Included in the conditions of the soil is the availability of various nutrients. They can have a serious effect on the way a cultivar behave during the growing season. In fact, each cultivar has its own requirements and rootstock can also influence its properties and can modulate the intake of nutrients to the plant. A key issue to consider when selecting rootstocks is the dominance of a nutrient versus another. Indeed, some excess of one can antagonize the intake of another can thus create imbalance. Not all nutrients create difficulties, key concerns are potassium which affect growth, juice PH, and ultimately wine quality. Calcium, magnesium, and chlorine need also to be monitored carefully each rootsock has its own influence on nutrition. For example 140ru reduces the amount of magnesium intake while riparia gloire has minium effect on its intake.

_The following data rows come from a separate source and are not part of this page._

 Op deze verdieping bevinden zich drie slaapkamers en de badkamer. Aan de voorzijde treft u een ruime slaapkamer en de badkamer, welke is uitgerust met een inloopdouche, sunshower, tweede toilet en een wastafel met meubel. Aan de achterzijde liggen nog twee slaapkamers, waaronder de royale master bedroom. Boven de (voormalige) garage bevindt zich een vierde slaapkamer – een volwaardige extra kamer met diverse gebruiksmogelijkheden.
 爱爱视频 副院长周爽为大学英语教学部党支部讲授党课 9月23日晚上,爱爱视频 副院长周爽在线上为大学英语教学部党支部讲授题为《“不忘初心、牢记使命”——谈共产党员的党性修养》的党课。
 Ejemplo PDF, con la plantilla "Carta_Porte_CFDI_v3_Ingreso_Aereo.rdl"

Other than soil, climatic factors such as the risk of drought, climate type, and length of the growing season can be influenced by the choice of rootstocks. In the case of short growing seasons such as those found in cool climates, early fruit maturation will be favored and the use of riparia based crossings such as riparia gloire and so4 will help speed up maturation or grapes. Humidity is another factor of climatic concern and it can be dealt with as reviewed above in relations to the water retention of the soil. When a climate is especially cold and presents a high risk of exrtreme cold frost in the winter like can be found in Canada, and very high altitude vinyeards, several types of rootstocks can be used to reduce vulnerability. In very dry or hot regions, drought is a concern as the lack of water will shut down the plant and lowers ripening effectiveness. Especially efficient to deal with this issue is the 140c but not so is the so4.

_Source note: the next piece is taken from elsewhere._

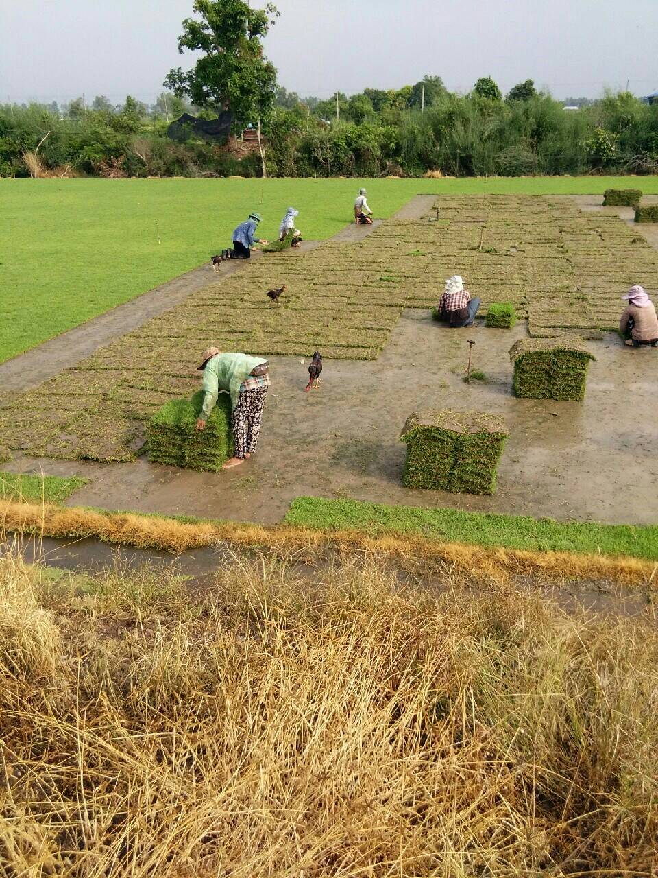 เราตัดหญ้าเมื่อมีการสั่งซื้อเท่านั้น หญ้าของเราจึงสดใหม่มีดินติดหนาอัตราการรอดสูง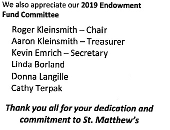 In response to God's love, St. Matthew's is a faith community welcoming all to grow in faith, to worship Christ and to reach out to everyone

Other than Phylloxera and nematodes, soils conditions and nutrition as well as climatic factors, the planting plan need also to be considered when selecting rootstock. As we have seen each cultivar behave differently in various conditions and rootstocks can help mitigate or improve the cultivar’s properties to deal with those conditions. Key will be their affinity with each other. The density of planting can be an issue and rootstock can help to create competition. Objectives such as yield requirements and quality objectives will also influence
Several factors influence the choice of rootstocks. Key among them are Phylloxera and nematodes, soil composition and nutrients, climatic factors such as risk of drought and length of growing season. Rootstock also influence the way the vine behave through the growing cycle. A regions regulations can dictate the use of specific rootstock. What is key is that the rootstock be selected in a way that it will be compatible with the cultivar chosen for the specific site so that objectives such as quality, yield, and economical health be achieved. However, not all rootstocks are created equal and each have their pros and their cons.